【论文推荐】最新五篇视频分类相关论文—细粒度行人识别、群组归一化、MLtuner、时序特征

2018 年 4 月 21 日 专知

【导读】既昨天推出五篇视频分类(Video Classification)文章,专知内容组今天又推出最近七篇视觉问答相关文章,为大家进行介绍,欢迎查看!


1. Fine-grained Activity Recognition in Baseball Videos(在棒球视频中细粒度的行人识别)




作者AJ Piergiovanni,Michael S. Ryoo

机构:Indiana University

摘要In this paper, we introduce a challenging new dataset, MLB-YouTube, designed for fine-grained activity detection. The dataset contains two settings: segmented video classification as well as activity detection in continuous videos. We experimentally compare various recognition approaches capturing temporal structure in activity videos, by classifying segmented videos and extending those approaches to continuous videos. We also compare models on the extremely difficult task of predicting pitch speed and pitch type from broadcast baseball videos. We find that learning temporal structure is valuable for fine-grained activity recognition.

期刊:arXiv, 2018年4月10日

网址

http://www.zhuanzhi.ai/document/0519a3c3e75dab982dc4e2b80b5b92b9


2. DAiSEE: Towards User Engagement Recognition in the Wild




作者Abhay Gupta,Arjun D'Cunha,Kamal Awasthi,Vineeth Balasubramanian

摘要We introduce DAiSEE, the first multi-label video classification dataset comprising of 9068 video snippets captured from 112 users for recognizing the user affective states of boredom, confusion, engagement, and frustration in the wild.
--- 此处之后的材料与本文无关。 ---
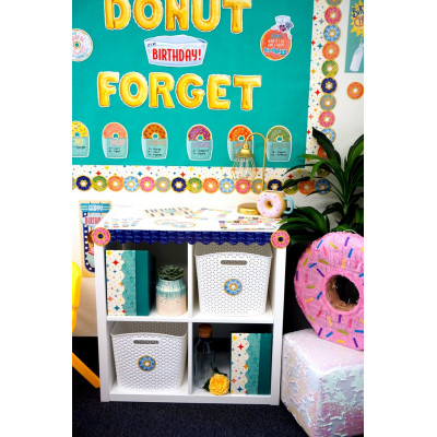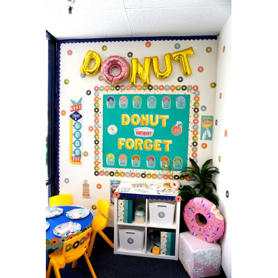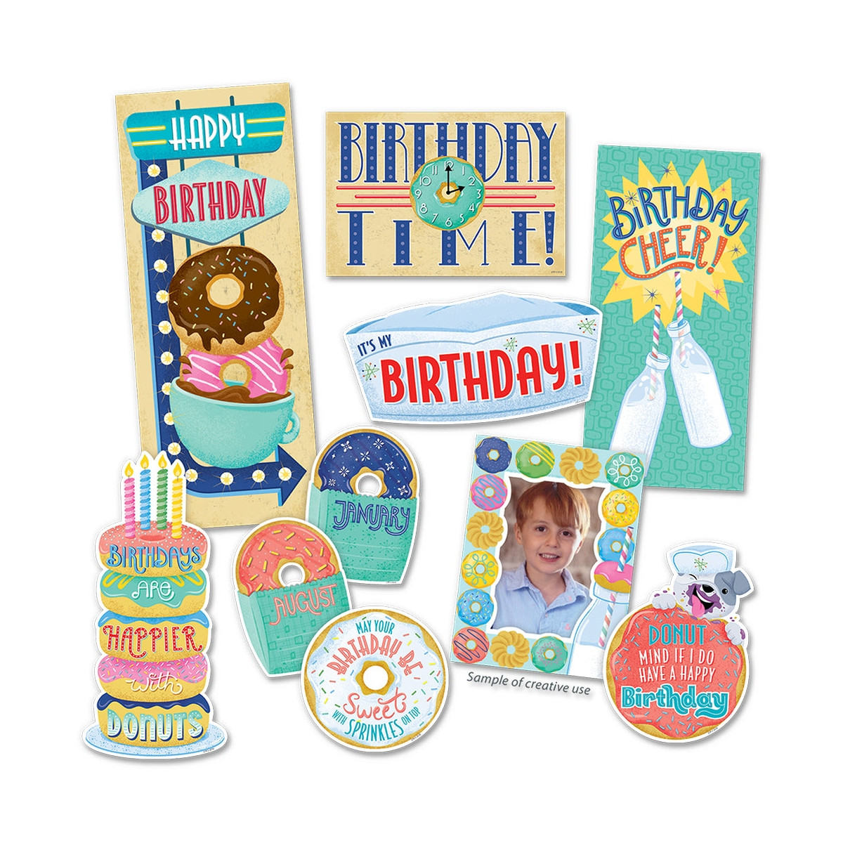 Who can resist these yummy-looking birthday donuts! This Mid-Century Mod Happy Birthday Mini Bulletin Board will add an accent of fun to your classroom birthday display. The sweet, retro-inspired color palette gives these donuts a playful look that is sure to delight students on their special day.

The dataset has four levels of labels namely - very low, low, high, and very high for each of the affective states, which are crowd annotated and correlated with a gold standard annotation created using a team of expert psychologists. We have also established benchmark results on this dataset using state-of-the-art video classification methods that are available today. We believe that DAiSEE will provide the research community with challenges in feature extraction, context-based inference, and development of suitable machine learning methods for related tasks, thus providing a springboard for further research. The dataset is available for download at https://iith.ac.in/~daisee-dataset.

期刊:arXiv, 2018年4月13日

网址

http://www.zhuanzhi.ai/document/9cda5868fc0eb068afaccf79c30dbe82


3. Group Normalization(群组归一化)




作者Yuxin Wu,Kaiming He

摘要Batch Normalization (BN) is a milestone technique in the development of deep learning, enabling various networks to train. However, normalizing along the batch dimension introduces problems --- BN's error increases rapidly when the batch size becomes smaller, caused by inaccurate batch statistics estimation. This limits BN's usage for training larger models and transferring features to computer vision tasks including detection, segmentation, and video, which require small batches constrained by memory consumption. In this paper, we present Group Normalization (GN) as a simple alternative to BN. GN divides the channels into groups and computes within each group the mean and variance for normalization. GN's computation is independent of batch sizes, and its accuracy is stable in a wide range of batch sizes. On ResNet-50 trained in ImageNet, GN has 10.6% lower error than its BN counterpart when using a batch size of 2; when using typical batch sizes, GN is comparably good with BN and outperforms other normalization variants. Moreover, GN can be naturally transferred from pre-training to fine-tuning. GN can outperform or compete with its BN-based counterparts for object detection and segmentation in COCO, and for video classification in Kinetics, showing that GN can effectively replace the powerful BN in a variety of tasks. GN can be easily implemented by a few lines of code in modern libraries.

期刊:arXiv, 2018年3月23日

网址

http://www.zhuanzhi.ai/document/dfc73cf6728c3caef9f50672e18ffc1d


4. MLtuner: System Support for Automatic Machine Learning Tuning(MLtuner: 系统支持自动机器学习调优)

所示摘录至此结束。